**INFORMATION SHOWN**:
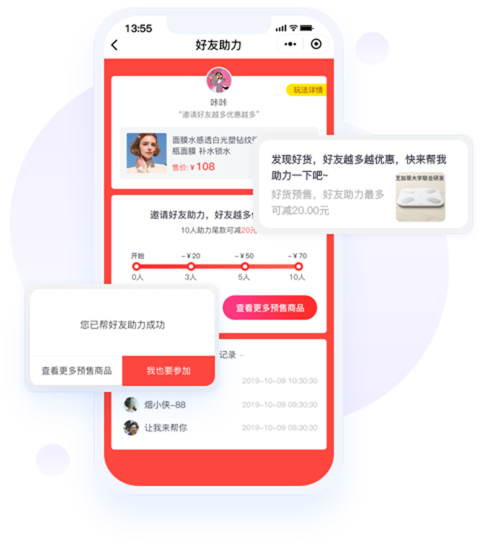 好友助力,带动用户裂变增长
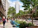 Open space features including water features in the Cascades, and seating for groups have been incorporated into the landscape design.
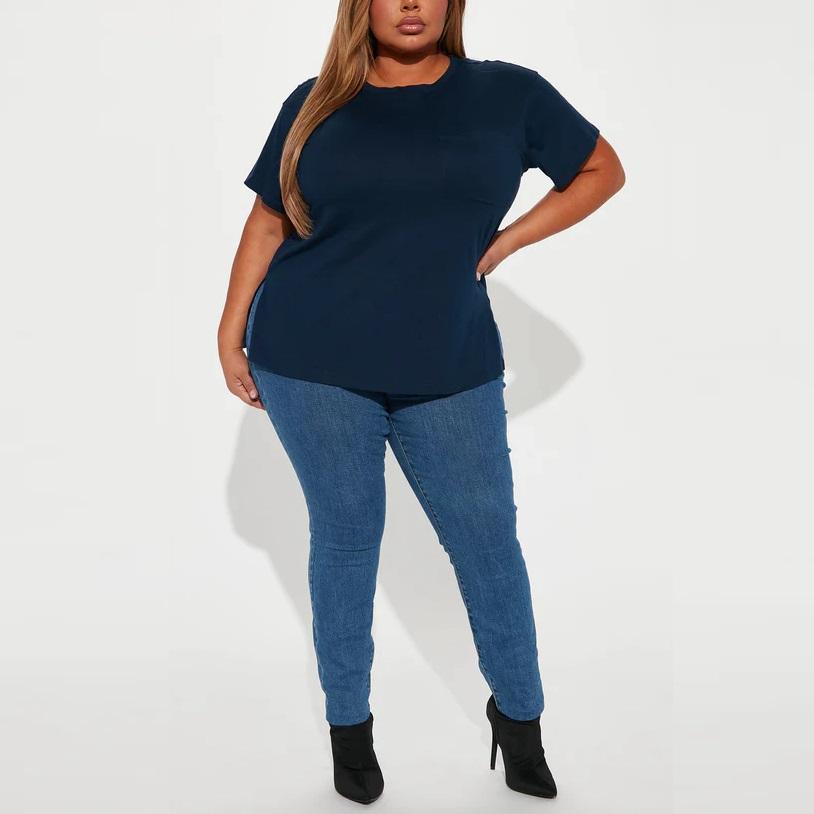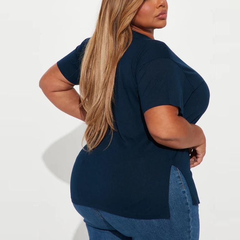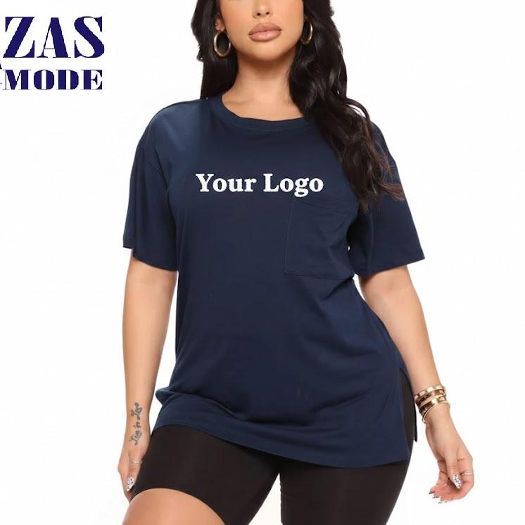 เสื้อยืดผู้หญิงลำลองเซ็กซี่สำหรับฤดูร้อน คอกลม ดีไซน์ 3 มิติ ไม่ซ้ำใคร ผ่าข้าง แขนสั้น ผ้าฝ้ายถัก ระบายอากาศ ทรงปกติ 220
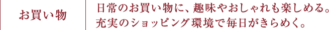 スーパーマーケットやインテリア、フィットネスクラブやレストランなど、多彩な施設が揃っています。周りには緑が多く配されており、買い物やフィットネスの合間に、ほっと一息つける空間が魅力。

**TASK DETAILS**:
Return the material from above in full, exactly as written, with the pictures omitted.

**ANSWER FOR THIS EXERCISE**:
 好友助力,带动用户裂变增长
 Open space features including water features in the Cascades, and seating for groups have been incorporated into the landscape design.
 เสื้อยืดผู้หญิงลำลองเซ็กซี่สำหรับฤดูร้อน คอกลม ดีไซน์ 3 มิติ ไม่ซ้ำใคร ผ่าข้าง แขนสั้น ผ้าฝ้ายถัก ระบายอากาศ ทรงปกติ 220
 スーパーマーケットやインテリア、フィットネスクラブやレストランなど、多彩な施設が揃っています。周りには緑が多く配されており、買い物やフィットネスの合間に、ほっと一息つける空間が魅力。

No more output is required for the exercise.